▶ WHAT TO WORK ON: From the entries below, print exactly the span beginning with the line holding "Hľadáte spoľahlivý varič" and ending with the line holding "下午3点半到6点半,人文学院", endpoints included, and skip any pictures.

▶ THE DATA:
§
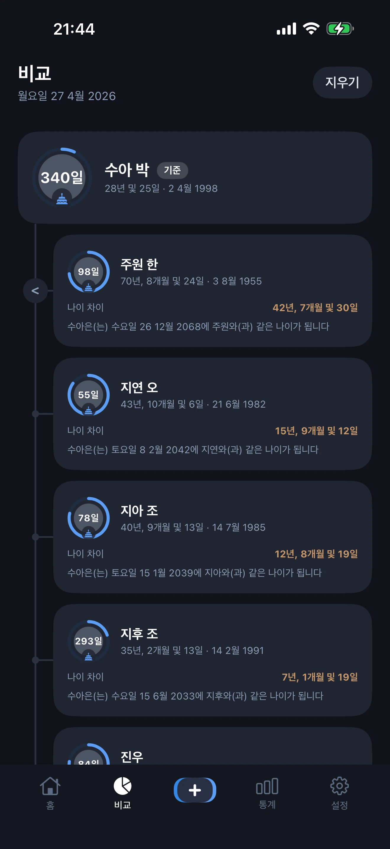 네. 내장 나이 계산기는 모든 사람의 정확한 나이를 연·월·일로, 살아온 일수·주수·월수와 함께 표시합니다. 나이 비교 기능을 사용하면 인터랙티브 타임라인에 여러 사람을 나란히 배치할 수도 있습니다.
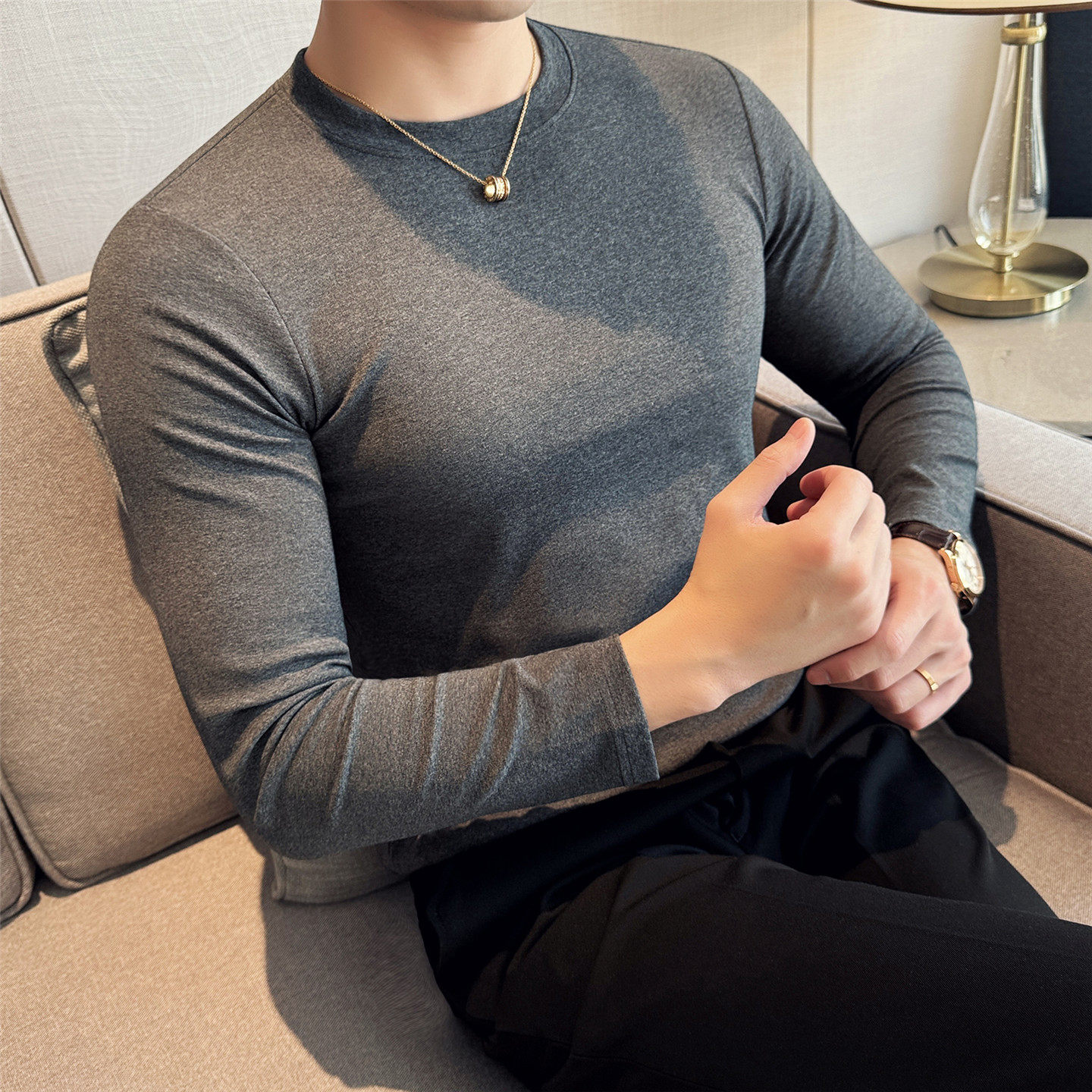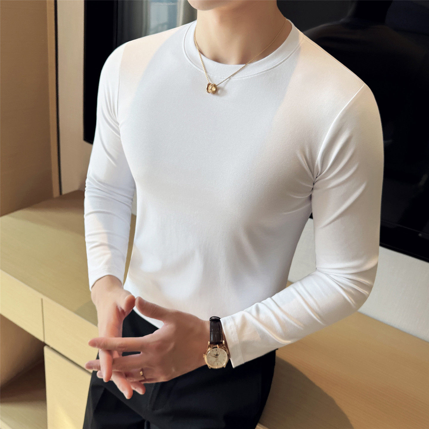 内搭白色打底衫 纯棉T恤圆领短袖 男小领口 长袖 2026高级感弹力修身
§
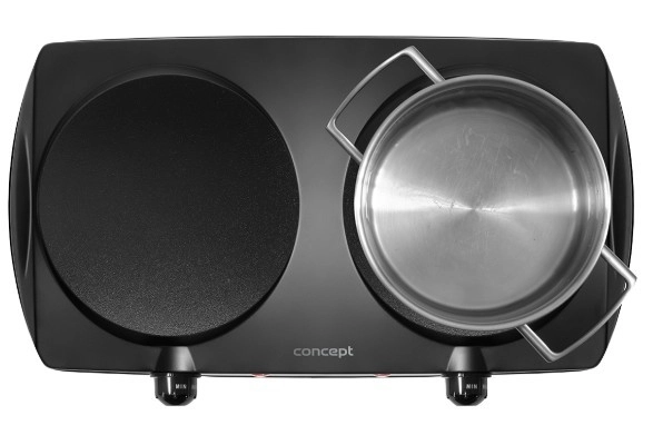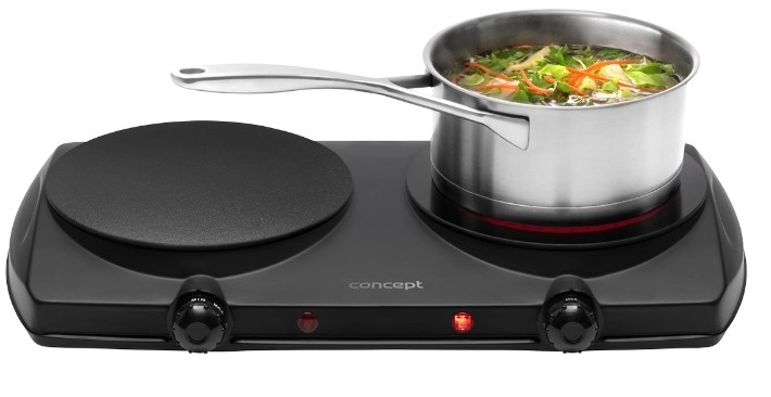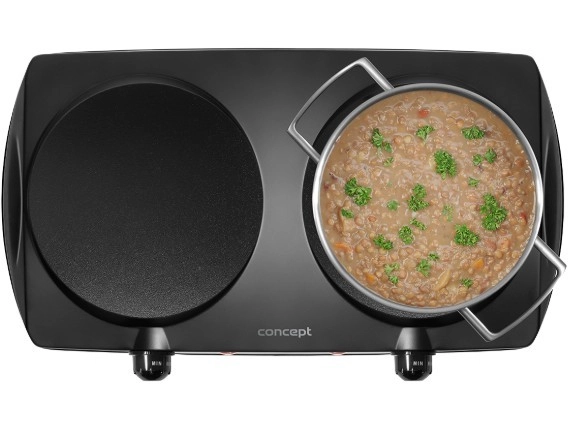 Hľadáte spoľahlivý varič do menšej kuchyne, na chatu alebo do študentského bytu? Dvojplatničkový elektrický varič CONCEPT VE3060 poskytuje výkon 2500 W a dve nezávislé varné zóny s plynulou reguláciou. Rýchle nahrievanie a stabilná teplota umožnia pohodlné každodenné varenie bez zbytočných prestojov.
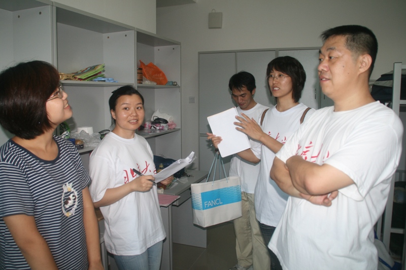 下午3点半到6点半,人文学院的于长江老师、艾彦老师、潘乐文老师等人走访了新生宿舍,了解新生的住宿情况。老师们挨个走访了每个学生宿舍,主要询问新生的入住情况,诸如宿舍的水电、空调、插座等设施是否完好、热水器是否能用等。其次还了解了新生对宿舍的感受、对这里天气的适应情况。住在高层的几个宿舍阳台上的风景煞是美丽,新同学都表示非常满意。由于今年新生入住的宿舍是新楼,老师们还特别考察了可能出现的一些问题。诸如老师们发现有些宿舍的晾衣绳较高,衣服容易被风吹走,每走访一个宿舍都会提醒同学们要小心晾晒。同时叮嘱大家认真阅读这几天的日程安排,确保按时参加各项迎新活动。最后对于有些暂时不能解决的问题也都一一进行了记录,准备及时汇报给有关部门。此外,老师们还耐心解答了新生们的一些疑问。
§
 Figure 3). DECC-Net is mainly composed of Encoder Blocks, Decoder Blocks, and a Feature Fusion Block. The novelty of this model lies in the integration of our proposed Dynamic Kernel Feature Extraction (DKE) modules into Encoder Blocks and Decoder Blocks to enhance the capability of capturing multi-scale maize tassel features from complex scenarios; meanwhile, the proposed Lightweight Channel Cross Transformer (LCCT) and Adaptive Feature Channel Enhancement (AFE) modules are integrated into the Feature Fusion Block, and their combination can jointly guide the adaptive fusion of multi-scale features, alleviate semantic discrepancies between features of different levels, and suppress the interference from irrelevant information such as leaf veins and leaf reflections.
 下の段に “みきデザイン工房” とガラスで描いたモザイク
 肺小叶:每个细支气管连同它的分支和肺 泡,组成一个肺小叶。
§
▶ RESPONSE:
 Hľadáte spoľahlivý varič do menšej kuchyne, na chatu alebo do študentského bytu? Dvojplatničkový elektrický varič CONCEPT VE3060 poskytuje výkon 2500 W a dve nezávislé varné zóny s plynulou reguláciou. Rýchle nahrievanie a stabilná teplota umožnia pohodlné každodenné varenie bez zbytočných prestojov.
 下午3点半到6点半,人文学院的于长江老师、艾彦老师、潘乐文老师等人走访了新生宿舍,了解新生的住宿情况。老师们挨个走访了每个学生宿舍,主要询问新生的入住情况,诸如宿舍的水电、空调、插座等设施是否完好、热水器是否能用等。其次还了解了新生对宿舍的感受、对这里天气的适应情况。住在高层的几个宿舍阳台上的风景煞是美丽,新同学都表示非常满意。由于今年新生入住的宿舍是新楼,老师们还特别考察了可能出现的一些问题。诸如老师们发现有些宿舍的晾衣绳较高,衣服容易被风吹走,每走访一个宿舍都会提醒同学们要小心晾晒。同时叮嘱大家认真阅读这几天的日程安排,确保按时参加各项迎新活动。最后对于有些暂时不能解决的问题也都一一进行了记录,准备及时汇报给有关部门。此外,老师们还耐心解答了新生们的一些疑问。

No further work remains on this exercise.